Crunch Time for Senate Republicans on Healthcare Reform  

United States Capitol (c) Dwight Nadig
Jun 06 2017

Congress returns this week from its Memorial Day recess with Republican Senate leaders facing growing uncertainty over whether they can pass ACA repeal-and-replace legislation. The House-passed American Health Care Act, which barely cleared that chamber in May, doesn’t have enough support to pass the Senate, where Republicans are working on a bill of their own. To pass a Senate measure, however, GOP leaders can afford to lose only two votes.

Getting consensus is complicated by political blowback from the Congressional Budget Office’s (CBO) revised analysis projecting that the House-passed bill will cause 23 million people to lose coverage by 2026 (compared to projected coverage under the ACA) and dramatically increase costs for some older people and those with pre-existing health conditions. Senators have been meeting privately for weeks to weigh their options and are considering ways to address those concerns by, among other things, adding protections for people with pre-existing health conditions, providing more generous tax credits to help people buy coverage, and revisiting the House bill’s plan to end the ACA’s expansion of Medicaid.

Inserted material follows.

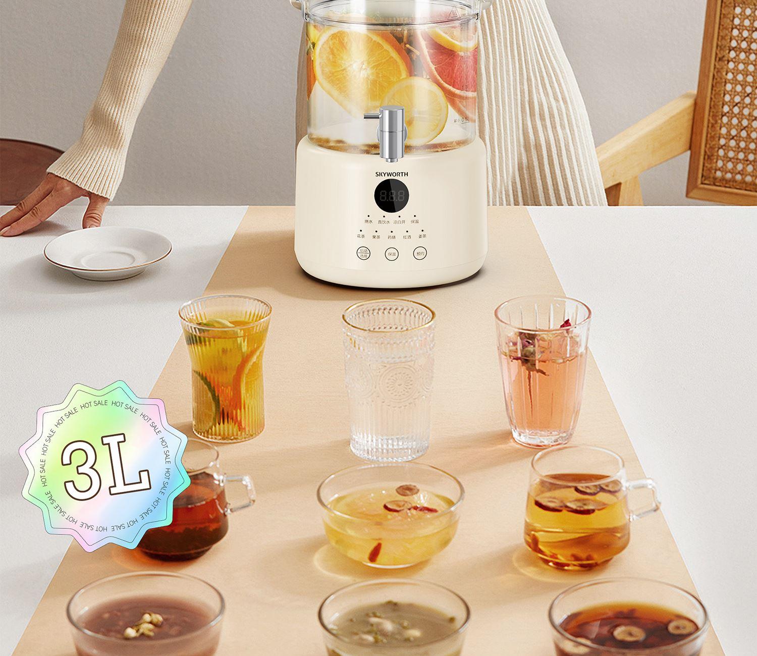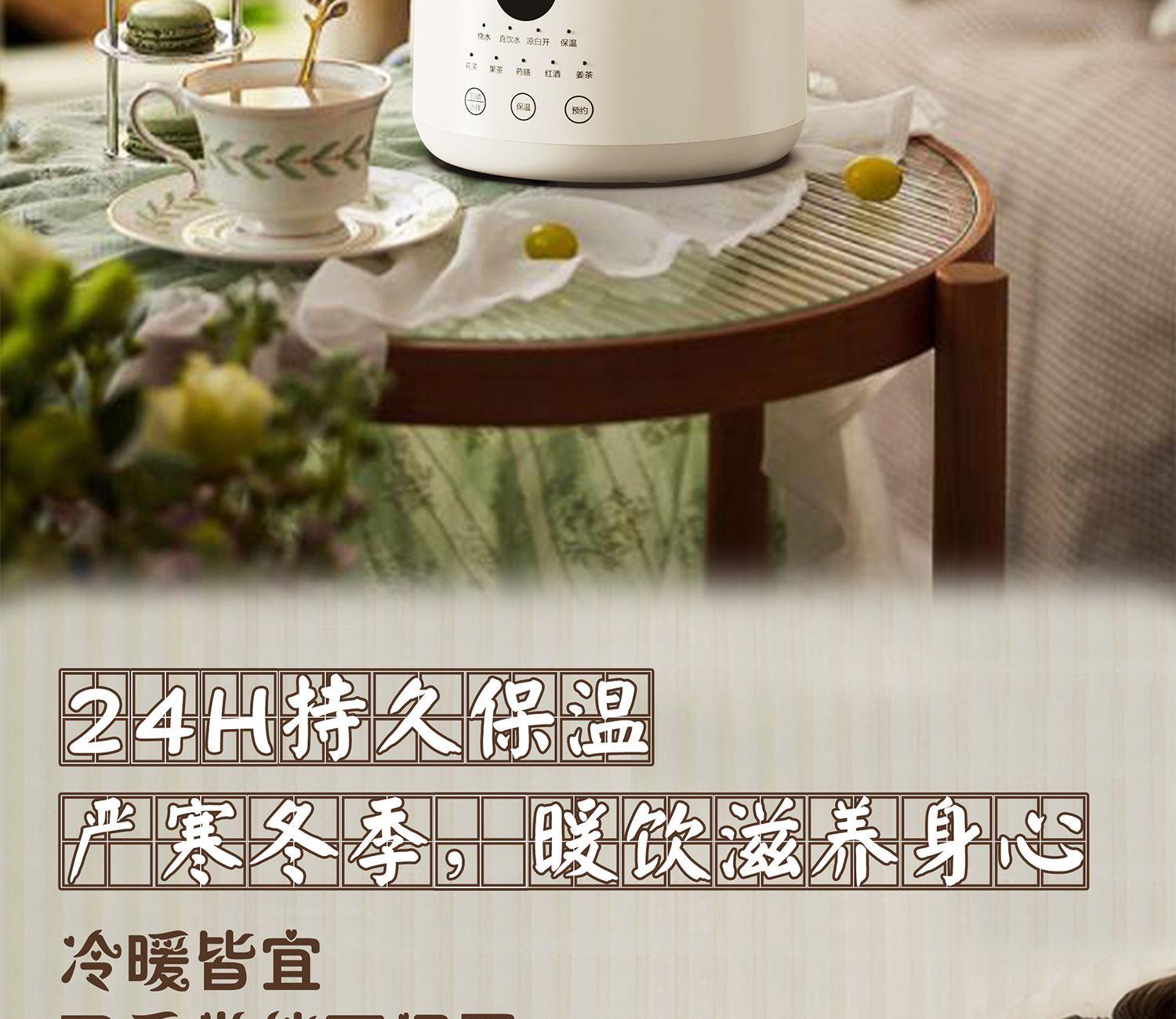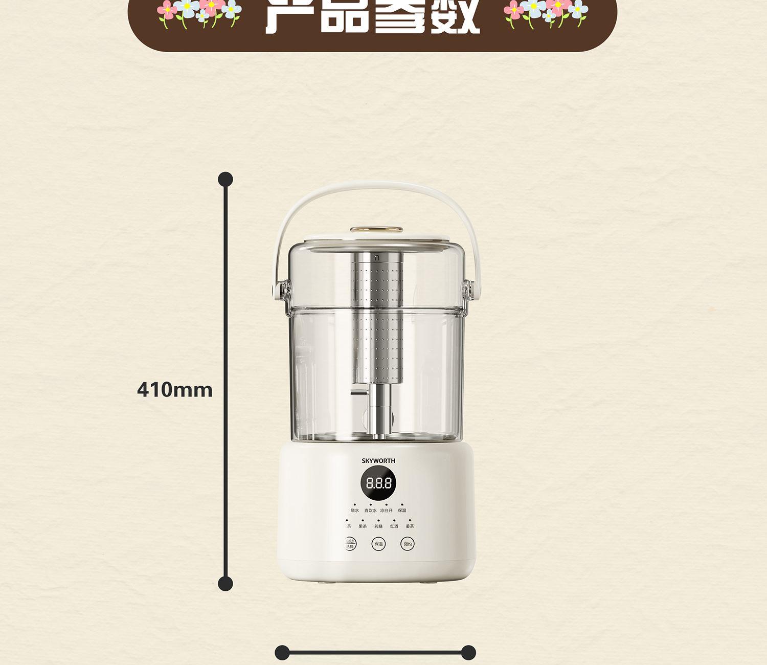额定电压:220V~ 额定频率:50Hz 额定功率:1000W 容 量:3L • 3L大容量分享; • 高硼硅玻璃; • 分体式设计,便携出水; • 24H持久保温,可预约功能; • 240秒自动记忆提壶前水温,放回无需重置。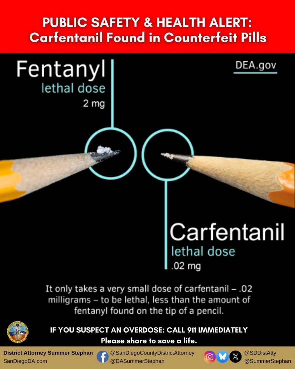 Printer-friendly versionBy Miriam Raftery August 19, 2025 (San Diego) – Carfentanil, a synthetic opioid that is 100 times stronger than fentanyl, has been found in the San Diego in fake M-30 oxycodone (pain killer) pills. District Attorney Summer Stephan warns, “Even tiny amounts can be deadly.” Just one pill can kill. Fentanyl test strips may not detect carfentanil, which was

But including such changes in a Senate bill won’t be easy given differences between conservative and moderate Republicans. In addition, the cost of such changes could run afoul of budget rules on fiscal savings under reconciliation, which allows Republicans to sidestep the Senate’s 60-vote threshold. While raising revenue by capping the employee tax exclusion for employer-provided coverage is under discussion as one way to address the problem, the idea – which was rejected by the House – faces fierce opposition from employer and labor groups.

Meanwhile, employers are actively lobbying for repeal of the Cadillac tax and the employer mandate, simplified reporting requirements, greater flexibility for HSAs and other health care accounts, strengthened ERISA protections for multi-state employers, clearer rules governing wellness plans, and eased restrictions on electronic distribution of plan documents.

Republicans are reportedly close to releasing an early draft of legislation, and although leaders have avoided putting deadlines on the process, Majority Leader Mitch McConnell, R-KY, wants to pass a bill before the July 4 recess. That would give Republicans one month before the August recess to merge House and Senate bills, which are expected to have major differences. But with key policy divisions still unresolved within the Senate GOP caucus, there is skepticism about that timetable. If the Senate can’t pass legislation by the August recess, GOP leaders will likely end the health reform debate and move on to tax reform.